The problem is that you're sending to quit on the same goroutine that's receiving from quit.

quit has a buffer size of 0, which means that in order to proceed there has to be a sender on one side and a receiver on the other at the same time. You're sending, but no one's on the other end, so you wait forever. In this particular case the Go runtime is able to detect the problem and panic.

The reason only the first value is printed when you remove quit is that your main goroutine is exiting before your remaining two are able to print.

Do not just increase channel buffer sizes to get rid of problems like this. It can help (although in this case it doesn't), but it only covers up the problem and doesn't truly fix the underlying cause. Increasing a channel's buffer size is strictly an optimization. In fact, it's usually better to develop with no buffer because it makes concurrency problems more obvious.

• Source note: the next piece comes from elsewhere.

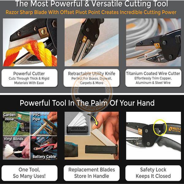 Na řezání, stříhání a dělení různých materiálů od papíru až po kov. Praktický řezací nástroj, který si poradí se stříháním a krácením nejrůznějších materiálů. Ostří se skládá z čepele a posuvné základny, její vtažením dovnitř získáte ořezávací nůž. Navíc obsahuje speciální štípací čepele na krácení kabelů. Čepele pro vysoké zatížení - čepele jsou tepelně upravené a tvrzené z uhlíkové oceli a jsou extrémně stabilní. Nůžky mají také pojistku proti nechtěnému otevření. Ostrá čepel vytváří neuvěřitelnou řeznou sílu, za každých okolností zůstává neskutečně ostrá. Multifunkční nůžky Multi-Cut 3v1 jsou nezbytným pomocníkem jak do dílny či garáže, či na zahradnické práce. S jejich pomocí snadno nařežete také sádrokarton, koberec či lepenku. Můžete také stříhat kabely, dráty i kůži. Stejně je můžete bezpečně použít na gumu, hliník, plasty a na odstranění drobných větviček.
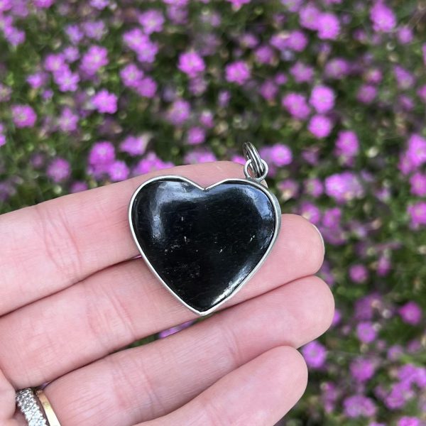 Kamień turmalinu w sobie kropki kryształu górskiego – inkluzje. Całość oprawiłam w srebro próby 925, które oksydowałam i podrapałam pozostawiając jedynie szarość srebra. Od spodu kamień zakryłam srebrem. Wisiorek zwieńczyłam prostym kółeczkiem. Koło ma duży 6 mm otwór, można więc nosić wisiorek z turmalinem na łańcuszku lub rzemyku. Z pewnością to ciekawa alternatywa dla klasycznych owali. Motyw serca w tym wisiorku z turmalinem zachęca by kochać siebie i bliskich. Wisior ten idealnie nadaje się do wizualizacji i afirmacji miłości. Polerowany naturalny czarny turmalin to doskonały amulet ochronnym, niedopuszczającym negatywizmu do osoby która go nałoży. Kamień polerowany, jednak ma spękania i ryski typowe dla tego kamienia naturalnego.

There are two ways to fix the problem:

• Keep quit, but send 0 on it in each goroutine inside ListenOnChannel. In main, make sure you receive a value from each goroutine before moving on. (In this case, you'll wait for three values.)
• Use a WaitGroup. There's a good example of how it works in the documentation.

Answer 2

In general this looks good, but there is one problem. Remember that channels are either buffered or unbuffered (synchronous or asynchronous). When you send to an unbuffered channel or to a channel with a full buffer the sender will block until the data has been removed from the channel by a receiver.

So with that, I'll ask a question or two of my own:

1. Is the quit channel synchronous or asynchronous?
2. What happens in Pub when execution hits quit<-0?

One solution that fixes your problem and allows the code to run is to change the second-to-last code line to be go p.Pub(2, quit). But there is another solution. Can you see what it is?

I don't actually get the same behavior you do if I remove <-quit from the original code. And this should not affect the output because as it is written that line is never executed.